The temperature of the shot is a result of the water temp in the HX pipes hitting the thermal mass of the group and then 'levelling out'. So you aren't really aiming for Eric's to read the correct temp for a shot after your flush, you just want it to be the right temperature to even out the water coming from the HX pipes.

What you are doing is flushing the HX until cold water is running through, once Eric's starts reading 206 the whole HX is full of cold water and this then cycles through the group cooling the whole lot down even further. The machine is designed to bounce back quickly from pulling a coffee or two, not from flushing the entire HX with cold water.

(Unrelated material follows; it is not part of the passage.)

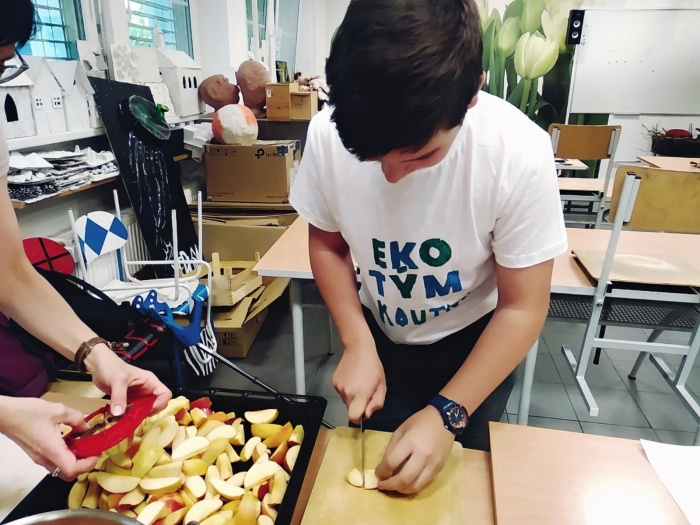 Naše škola se zapojila do projektu města „Ovocná alej na Pražské“. Nejenže jsme pomáhali při výsadbě téměř stovky ovocných stromů, ale chtěli jsme také podpořit myšlenku, aby tato alej nejen zkrášlovala okolí, ale také mohla vzdělávat. V úterý 7. června jsme přes nepřízeň předpovědi počasí zorganizovali sbírku ve škole. Je důležité vést děti k nezištné podpoře dobrých projektů, neočekávat jenom okamžitý profit a vložit svůj čas i energii na dobrou věc. Velkou oporou byl školní Ekotým, který se podílel především osvětou na téma: „Význam ovocných stromů v přírodě“. Společně s vyučujícími jsme připravili zdravou svačinku. Napekli jsme cca 600 ks muffinů, připravili 400 ks ovocných salátků, nechyběl ani jablečný moštík a banánový koktejl. Byla opravdová radost sledovat, jak se naše děti na tuto akci připravily a podpořily ji. Moc děkujeme také našim rodičům. Podařilo se nám vybrat více než 13 000 Kč na edukační cedulky k jednotlivým stromům!

The temp on the Eric's is only really important during the extraction it is *not* a guide for how hot your group should be prior to extraction.

I think you need to do a much smaller flush. Just flush until the water stops hissing, and then a bit more and stop the flush. Wait for the new water in the HX to mix with the existing water (a few secs) and then pull a shot.

Was your extraction running too hot? Make your flush longer

Was it too cold? Make your flush shorter

The Eric's can actually be a good indicator of when to stop flushing... it might be just as the temp on the Eric's starts to drop, or it might be when it hits something like 208. If so then this is a useful measure of how long your flush should be, but otherwise do it by time.


----------



## Benjijames28 (Mar 29, 2017)

Dylan said:


> This is not especially unusual and reflects roughly what I see on my machine.
> 
> The temperature of the shot is a result of the water temp in the HX pipes hitting the thermal mass of the group and then 'levelling out'. So you aren't really aiming for Eric's to read the correct temp for a shot after your flush, you just want it to be the right temperature to even out the water coming from the HX pipes.
> 
> ...


Golden info right here.


----------



## kennyboy993 (Jan 23, 2017)

Take a look at this, it's what I used for a little while:

http://nielssonne.blogspot.co.uk/2012/03/eliminating-guesswork-when-flushing-e61.html?m=1


----------



## Alan Kilroy (Dec 22, 2017)

Just read that......needs reading a couple of times to put it mildly......??


----------